GSPC Target 14

Objective I: Plant diversity is well understood, documented and recognized

Objective II: Plant diversity is urgently and effectively conserved

Objective III: Plant diversity is used in a sustainable and equitable manner

Objective IV: Education and awareness about plant diversity, its role in sustainable livelihoods and importance to all life on earth is promoted

Objective V: The capacities and public engagement necessary to implement the Strategy have been developed


Plants are often under-represented in the conservation debate and neglected in efforts to engage the public in environmental action. Furthermore, increasing urbanization and population movements are resulting in a growing disconnect between people and nature, a trend that is especially notable amongst the young.

Plant conservation targets will only be achieved if changes are made at all levels of society, from policy makers through to the general public.

For this reason, communication, education and public awareness programmes are essential in underpinning the GSPC.

This target is understood to refer to both formal and informal education at all levels, including primary, secondary and tertiary levels.

Download an introduction to Target 14 here.

Learn more

It is generally recognized that there is low level of recognition amongst the general public of 'biodiversity' and more specifically, the important role of plants in supporting human well-being. 

In a recent pole (May 2011), on average only 1 in 3 people were able to define biodiversity correctly.

A stakeholder consultation on this target was conducted by BGCI in 2007-2008 in six countries (Brazil, China, Indonesia, Russia, UK and USA). Similar issues were identified across countries. These included:

  • Over-emphasis on animals and neglect of plants in environmental education programmes.

  • Need for increased teacher-training relative to plant diversity.

  • Lack of opportunity to experience nature first-hand.

  • Messages being lost under an overwhelming level of advertising in all media.

Implementation of this target relates to Target 1 of the Aichi targets of the Strategic Plan for Biodiversity 2011-2020:

 T1: By 2020, at the latest, people are aware of the values of biodiversity and the steps they can take to conserve and use it sustainably.


The world’s botanic gardens, which together receive an estimated 250 million visitors per year are a gateway to information on plant diversity. This community has largely taken forward the education and public awareness elements of this target.

Almost all botanic gardens are involved in education and many focus specifically on educating children. 

BGCI’s education programme provides a wide range of tools and resources to support the education work of botanic gardens.

This target relates to the CBD programme on Communication, Education and Public Awareness (CEPA).

Citizen science

Engaging the public in new and innovative ways is key to raising awareness of plant conservation issues. One example is the increasing popularity of citizen-science projects focused around plant monitoring in changing climates. examples of such programme include Project BudBurst in the USA, the Phenology Recording System of the New Zealand Plant Conservation Network and Nature's Calendar in the UK.

Tools and resources

Please also check in the database of Tools of Resources for Case Studies relevant to this target.

Biodiversity barometer (2437KB)

The Union for Ethical Biotrade's (UEBT) Biodiversity Barometer provides an annual overview of biodiversity awareness from three different perspectives: the consumer, industry and the media. 


Interpreting plant collections (1416KB)

This chapter from the Applied Plant Conservation Training Manual produced by Denver Botanic Gardens and the United States Botanic Garden provides some basic guidance for those who are new to the work of interpretation. 
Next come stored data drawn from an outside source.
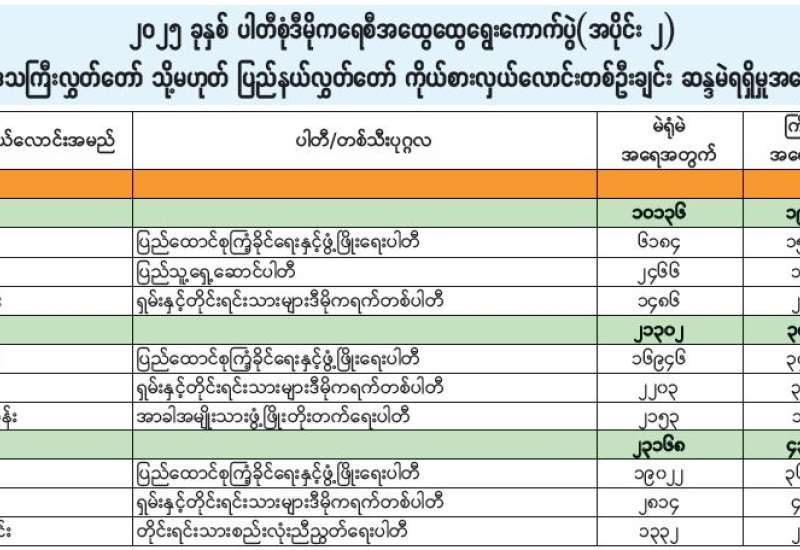၂၀၂၅ ခုနှစ် ပါတီစုံဒီမိုကရေစီအထွေထွေရွေးကောက်ပွဲ (အပိုင်း ၂) တိုင်းဒေသကြီးလွှတ်တော် သို့မဟုတ် ပြည်နယ်လွှတ်တော် ကိုယ်စားလှယ်လောင်းတစ်ဦးချင်း ဆန္ဒမဲရရှိမှု အခြေအနေ
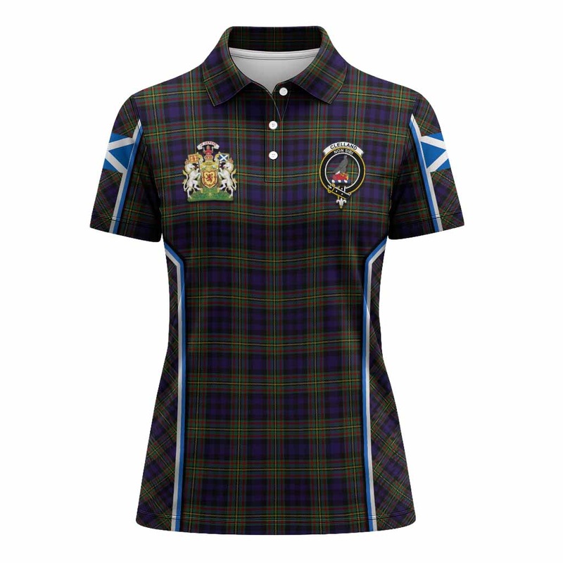 Clelland Tartan Crest Women’s Polo Shirt Scotland Coat of Arm Flag Style
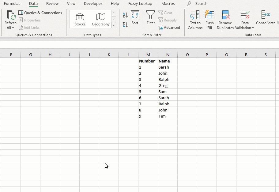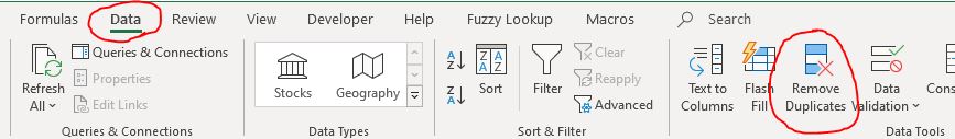 We can access the Remove Duplicates tool by first selecting the desired range for duplicates removal, then navigating to the Data ribbon in Excel, and then clicking Remove Duplicates. See more on how to identify and remove duplicates here.
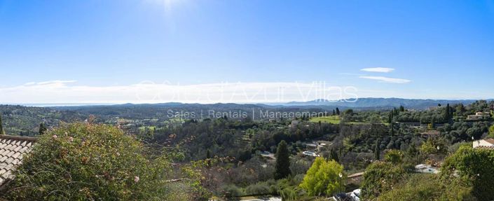 Baignée de lumière à toute heure grâce à son exposition plein Sud, la propriété surplombe les toits du village et dévoile un panorama spectaculaire, embrassant les collines environnantes et la mer, de Nice jusqu’au golfe de la Napoule. Un décor vivant, changeant au fil des heures et des saisons.
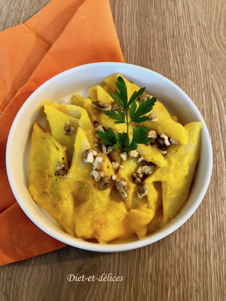 pâtes, potiron, noix, pâtes au potiron, sauce au potiron, végétarien
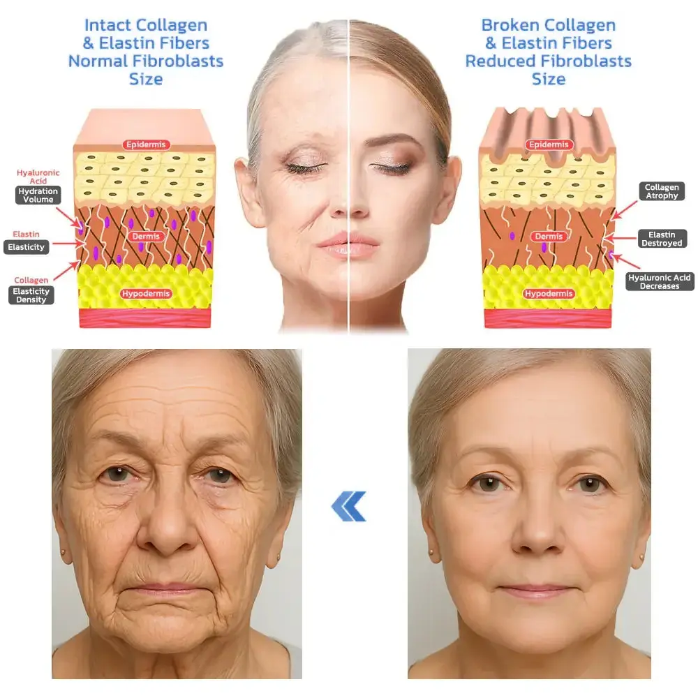 As we age, broken collagen and elastin fibers, along with reduced fibroblast size, are some of the key factors contributing to the formation of wrinkles and sagging skin. These structural components of the skin are essential for maintaining firmness, elasticity, and overall youthful appearance.

Making your garden come alive

Interpretation provides the communication link between a botanical garden and its visitors. This book provides practical guidelines on how to develop an interpretation programme in a botanical garden. 



Plants are of great importance in relation to both mitigation and adaptation to climate change. It will be essential to mobilize support for plant conservation through education and public awareness programmes to avoid mass extinctions in the future. Engaging the public in new and innovative ways is key to raising awareness of plant conservation issues. Examples include the increasing popularity of citizen science projects focused around plant monitoring in changing climates.